Gemischte Reaktionen sind gewiss
Der Schwerpunkt auf der visuellen Ästhetik dieser Szenen nimmt der düsteren, destruktiven Geschichte allerdings auch viel von ihrer erzählerischen Wucht. Für Fans, die sich auf eine Fortsetzung des ersten Teils gefreut haben, könnte genau das ein Problem sein. Der Film verliert durch das häufige Abgleiten in die Fantasie seiner beiden Hauptdarsteller an Tempo und Spannung. Die ursprüngliche Anziehungskraft des ersten Films, der eine rohe und brutale Auseinandersetzung mit psychischen Erkrankungen und gesellschaftlicher Vernachlässigung bot, weicht hier einer fast opernhaften Inszenierung. Das bedeutet nicht, dass der Film keine gewalttätigen und düsteren Momente hat - sie sind da und wenn sie auftreten, sind sie intensiv. Doch wer erwartet hat, dass "Folie à Deux" den psychologischen Thriller-Pfad des ersten Teils weitergeht, wird wahrscheinlich enttäuscht werden. Stattdessen wird das Sequel zu einem hybriden Werk, das versucht, die Grenzen zwischen Thriller, Psychodrama und Musical zu sprengen.
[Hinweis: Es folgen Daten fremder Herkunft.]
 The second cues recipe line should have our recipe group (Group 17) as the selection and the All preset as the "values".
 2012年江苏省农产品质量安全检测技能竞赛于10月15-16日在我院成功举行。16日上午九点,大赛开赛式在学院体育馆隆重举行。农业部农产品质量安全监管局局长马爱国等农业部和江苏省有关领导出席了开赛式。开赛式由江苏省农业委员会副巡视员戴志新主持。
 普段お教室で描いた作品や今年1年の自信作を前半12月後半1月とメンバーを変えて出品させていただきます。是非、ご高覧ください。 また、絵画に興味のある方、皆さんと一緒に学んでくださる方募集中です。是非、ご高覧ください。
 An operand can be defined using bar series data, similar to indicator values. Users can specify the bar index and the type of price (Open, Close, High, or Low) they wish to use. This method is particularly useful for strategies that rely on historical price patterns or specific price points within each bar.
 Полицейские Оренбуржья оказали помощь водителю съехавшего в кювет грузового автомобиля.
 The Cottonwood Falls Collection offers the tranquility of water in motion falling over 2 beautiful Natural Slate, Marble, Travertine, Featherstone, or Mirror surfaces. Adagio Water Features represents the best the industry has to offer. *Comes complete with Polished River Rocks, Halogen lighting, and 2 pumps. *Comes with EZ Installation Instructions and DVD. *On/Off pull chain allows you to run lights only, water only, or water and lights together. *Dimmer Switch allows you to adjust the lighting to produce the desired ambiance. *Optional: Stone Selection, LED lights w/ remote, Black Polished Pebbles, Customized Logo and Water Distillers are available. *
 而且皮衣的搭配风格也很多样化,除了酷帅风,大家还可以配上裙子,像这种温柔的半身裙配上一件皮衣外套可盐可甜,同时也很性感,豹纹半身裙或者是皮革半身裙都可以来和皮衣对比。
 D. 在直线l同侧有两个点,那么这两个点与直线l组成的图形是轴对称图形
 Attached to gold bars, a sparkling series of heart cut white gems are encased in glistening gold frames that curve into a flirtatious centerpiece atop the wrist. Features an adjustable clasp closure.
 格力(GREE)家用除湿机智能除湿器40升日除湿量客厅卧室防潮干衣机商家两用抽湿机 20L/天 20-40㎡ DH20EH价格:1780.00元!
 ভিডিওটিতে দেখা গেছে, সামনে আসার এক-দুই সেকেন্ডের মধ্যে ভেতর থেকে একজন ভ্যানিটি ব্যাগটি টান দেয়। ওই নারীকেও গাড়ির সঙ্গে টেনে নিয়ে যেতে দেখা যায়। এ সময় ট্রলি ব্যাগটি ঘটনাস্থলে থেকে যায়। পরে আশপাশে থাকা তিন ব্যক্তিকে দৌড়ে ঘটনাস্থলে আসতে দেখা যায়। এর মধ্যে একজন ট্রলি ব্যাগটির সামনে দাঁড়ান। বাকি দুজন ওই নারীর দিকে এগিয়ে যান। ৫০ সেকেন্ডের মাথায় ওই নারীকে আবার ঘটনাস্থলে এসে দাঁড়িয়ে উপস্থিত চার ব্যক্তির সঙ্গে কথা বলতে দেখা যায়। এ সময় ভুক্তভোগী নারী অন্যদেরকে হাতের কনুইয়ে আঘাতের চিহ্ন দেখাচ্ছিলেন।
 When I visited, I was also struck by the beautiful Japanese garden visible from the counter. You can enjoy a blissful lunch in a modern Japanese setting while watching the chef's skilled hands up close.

Insgesamt bleibt "Joker: Folie à Deux" mutig und originell, was ihm zweifellos erneut durchwachsene Reaktionen bescheren wird. Er wagt es, Genres zu vermischen und radikale artistische Entscheidungen zu treffen. Für manche wird er als künstlerisches Meisterwerk gefeiert, für andere bleibt er ein kontroverser Film, der mehr Fragen aufwirft als beantwortet. "Joker: Folie à Deux" ist alles andere als konventionell und bietet ein Kinoerlebnis, das entweder begeistert oder verwirrt - aber sicherlich niemanden kaltlässt. Und das ist vielleicht das größte Kompliment, das man dem Film machen kann.
"Joker: Folie à Deux" läuft ab sofort in den Kinos.